Women on the frontline of Covid-19
Women are at the forefront of the battle against the COVID-19 pandemic, risking their lives to save others. Yet, this crisis has shown that the decision-making bodies, including those established specifically to manage the pandemic, do not reflect a gender balance between women and men. Today women account for 70% of the health and social care workforce and deliver care to around 5 billion people. Nevertheless, they remain largely segregated into lower-status and lower-paid jobs and are still under-represented in leadership and decision-making processes. 70% of executive directors of global health organizations are men and only 5% are women in low- and middle-income countries. Additionally, women health workers are regularly subjected to discrimination, abuse and harassment, a situation that has worsened with COVID-19.

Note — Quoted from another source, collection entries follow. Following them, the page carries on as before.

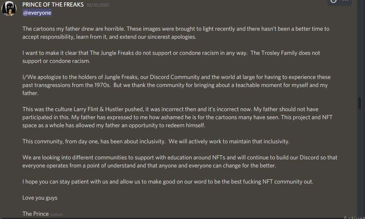 The popular collection Jungle Freaks by Trosley was under the spotlight for all the wrong reasons this week. NFT Twitter reacted harshly and with a zero-tolerance policy to racism after it was discovered that the artist, George Trosley, had drawn a number of disturbing cartoons for Hustler Magazine in the 1970s. To make matters worse, it appeared that the creators began selling off NFTs from their personal collection as the news broke and initially took a defensive stance. That later changed when George Trosley published a long piece on Medium in which he explained the culture and expectations at Hustler at the time.
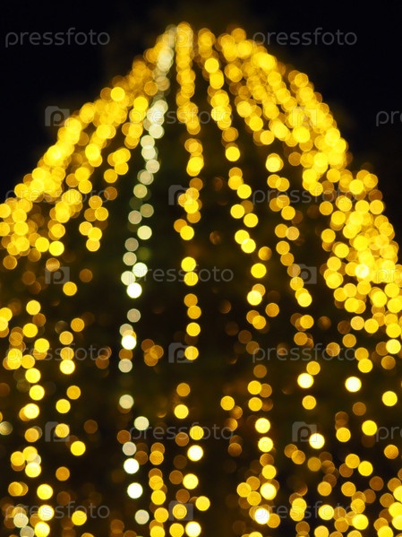 Боке подчеркивает. Золотисто-желтый цвет мигает в темноте. Праздничный фон. Размытая расфокусировка. Украшение городских улиц. Много желтых шариков. Много желтых, белых и оранжевых кругов
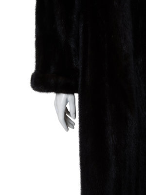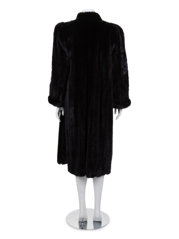 Dark brown/black mink fur coat with banded collar, set in full pleated shoulders into cuffed long sleeves, inseam slit pockets, and front spring clasp hook and eye closure.
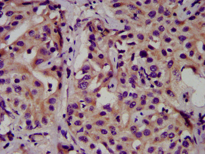 IHC image of PACO57696 diluted at 1:500 and staining in paraffin-embedded human liver cancer performed on a Leica BondTM system. After dewaxing and hydration, antigen retrieval was mediated by high pressure in a citrate buffer (pH 6.0). Section was blocked with 10% normal goat serum 30min at RT. Then primary antibody (1% BSA) was incubated at 4°C overnight. The primary is detected by a biotinylated secondary antibody and visualized using an HRP conjugated SP system.
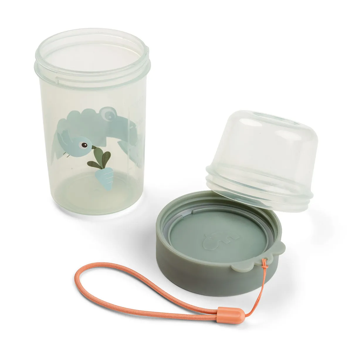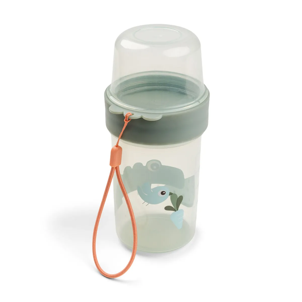 Pak en lækker frokostsnack, og lad vores Deer friends passe på den. På forsiden af denne grønne beholder nyder Croco en skive vandmelon, og på bagsiden flyver Birdee af sted med en friskplukket gulerod.
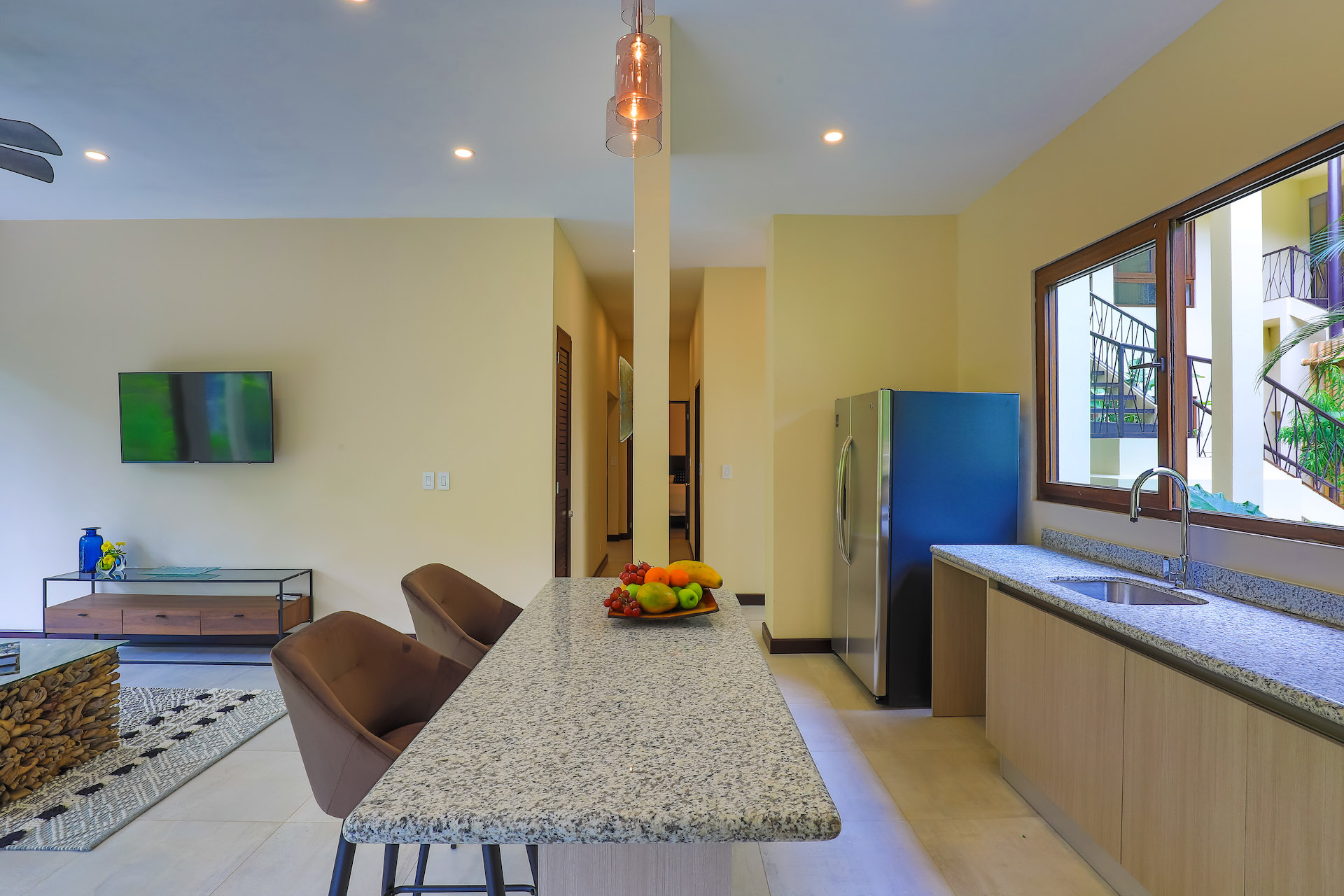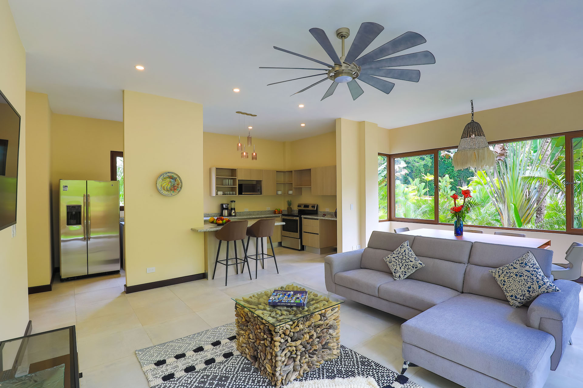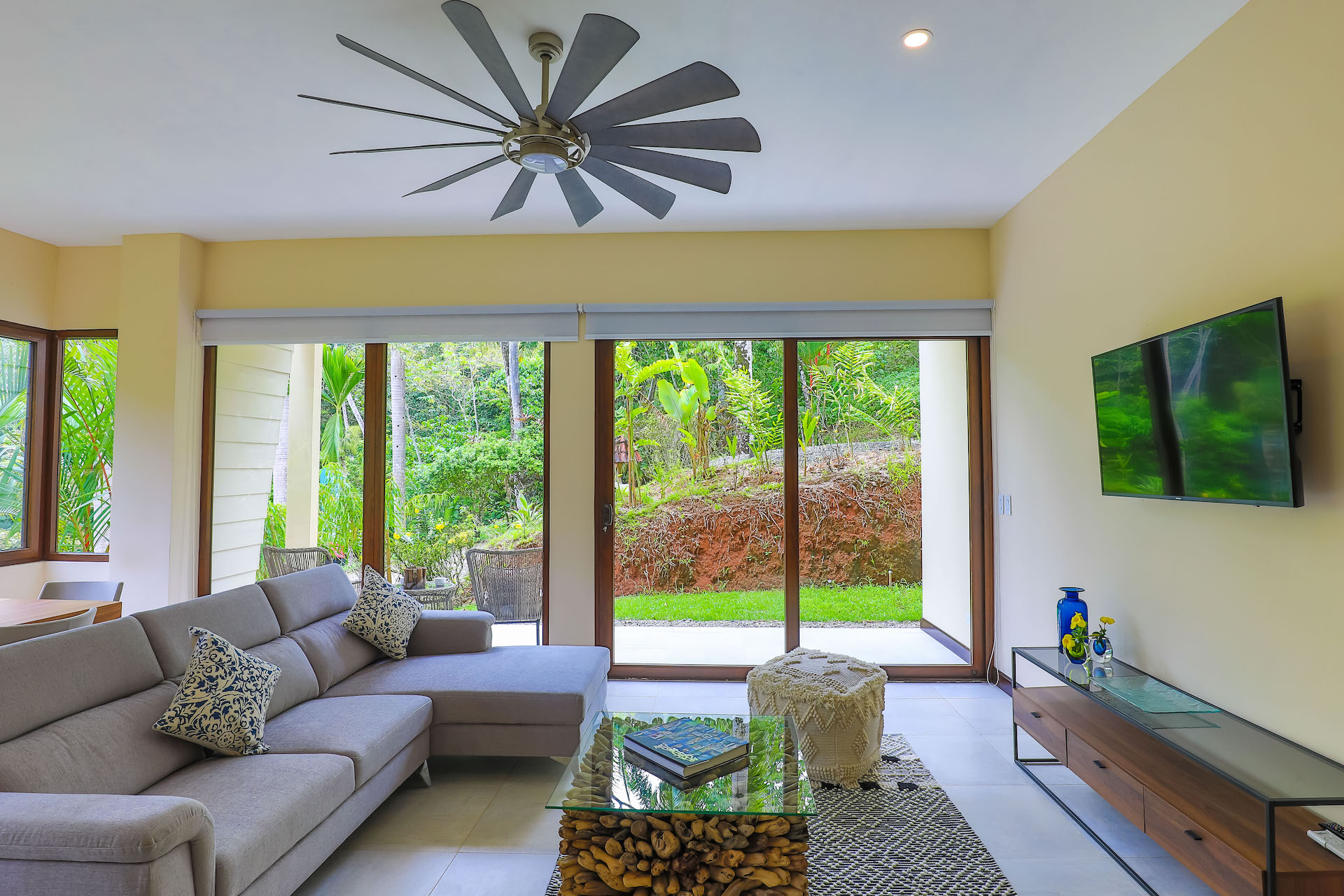 You enter this beautiful condo through the lush courtyard with views of the large resort style pool and sundeck area. As you enter through the foyer of this condo you are presented with an open floor plan showcased by the natural light beaming through insulated floor to ceiling sliding glass doors and windows. The elegant and modern kitchen is L shaped with a beautiful entertainment island in the center. The dining and living areas are surrounded by stunning sliding glass walls with an expansive outdoor terrace/balcony, to bring the lush tropical feeling of the rainforest into the condo. Villas are fresh and airy due to the natural setback of the rainforest from the landscaped gardens. A full bathroom is located off the main foyer and with 2 additional bedrooms and laundry closet located beyond. There are large terraces off the master bedroom and one of the secondary bedrooms. The master bedroom is complete with ensuite bathroom of elegant large Italian tile shower and its own private terrace/balcony for ultimate privacy and relaxation.
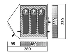 – Grondzeil binnentent: 75 D polyester Taffeta 185T PU coated, 5000 mm, PFC free water repellency
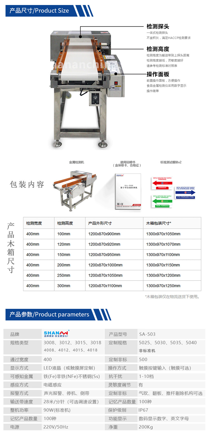 | 3 | 該金屬檢測機設計科學,簡便的可拆卸式機架,方便用戶清洗。 |

Women also play a key role at every level of the food industry, where there is a strong gendered vertical division of labour. Most women occupy low-revenue jobs while men work on higher paid management jobs. And with shuttered schools, even with both parents working from home, it is the women who are dealing with their children’s care, education and house chores, in parallel with their other paid job.
However, it is these low paid and stigmatised unskilled jobs that succeed to glue together our societies during the pandemic. If only one lesson should be learned from the COVID-19 crisis, it would be that women are crucial to quench the world’s population vital needs: health, food security and caring. That is why women’s organizations on the frontline of the response should be represented in decision-making bodies.
Discussion points:
- How can we ensure women’s leadership and equal representation in all COVID-19 response planning and decision-making, in health, care services and economy at large?
- What can be done to bring about transformative change for equality to address issues of paid and unpaid care?
- What policy actions are needed to better value the role and leadership of women in health, care and food and retail sectors?